Because this study's data is from 2009, some of the current religious conflicts are not reflected in the data. Grim said this information, however, gives context for current events.
For example, the report shows how government restrictions were increasing in the Middle East and North Africa before the Arab Spring uprisings. "It gives some indication of the pressures that people were under in that region — at least from government on religion. We are not saying the rise in restrictions was the cause of the protests, but it certainly was a part of the context," Grim said. "Egypt, in particular, had an increase in government restrictions on religion during this period."
The largest increases in social hostility took place in Europe, Grim said. "Much of the hostilities in Europe are attributable to the difficulties of societies adapting to the new and growing Muslim minorities in their countries." This gives a background for the July shooting rampage that took 77 lives in Norway.
Pew found that Christians were harassed in 130 countries, Muslims in 117 countries and Jews in 75 countries. Hindus and Buddhists, who are less spread throughout the world, were harassed in 27 and 16 countries, respectively.

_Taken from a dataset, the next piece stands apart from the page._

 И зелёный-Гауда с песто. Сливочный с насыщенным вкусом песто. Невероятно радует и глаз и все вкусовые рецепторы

Michael K. Young, president of the University of Washington, served in the George H.W. Bush administration during 2003 and 2004 as chairman of the United States Commission on International Religious Freedom. The commission monitors the state of religious freedom around the world.

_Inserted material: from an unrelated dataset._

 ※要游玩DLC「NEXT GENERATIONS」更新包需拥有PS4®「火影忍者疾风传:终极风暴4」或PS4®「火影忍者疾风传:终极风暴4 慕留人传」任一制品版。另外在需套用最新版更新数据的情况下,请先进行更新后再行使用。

"Our role was to encourage the government to designate countries that were problematic in this area," Young said. "And we encouraged members of Congress — who often would do it — to call those ambassadors from countries that were having those problems and have hearings about it."
Young said many of the countries that have problems with religious freedom are also countries that receive substantial foreign aid from the United States. But, he said, aid isn't currently being used as a reward to encourage change. It also isn't being used to help foster structures inside other governments to advance religious freedom.
To Young, religious freedom is one of the essential elements of a working democracy.
"There is a whole range of protections that are needed to encircle democracy in structures and institutions that ensure that democracy gives people choice and that it doesn't become just another way of restricting them," Young said. Giving people the right to vote is only part of the answer.
"So there are lots of things government can do. We act like we are powerless a lot of times, but we simply are not powerless. What we lack is will most of the time," Young said.
BEYOND THE NUMBERS
Robert T. Smith, Managing Director of the International Center for Law and Religion Studies at BYU's J. Reuben Clark Law School, values the Pew study for the way numbers help to make comparisons and track trends, but also looks at things that can't be measured. Different societies have different assumptions at play.
"What I think is probably impossible to measure, but I think is really significant, is the general attitudes of society that put pressure on people and affects them in their daily lives," Smith said. "If, for example, somebody converts to a religion, and as a result their job or some other government benefit is put into jeopardy, that is significant social pressure." But other pressures are more subtle, such as family pressure on someone who wants to convert to another religion. In most societies there will be pressure, but in some cultures defying parents would make someone an outcast from society. "That is not exactly a legal issue," Smith said. "And it is even questionable what the responsibility of government would be for those kinds of societal norms."
The center at BYU works in a different sphere to improve religious freedom. The approach isn't government-to-government, but more person to person.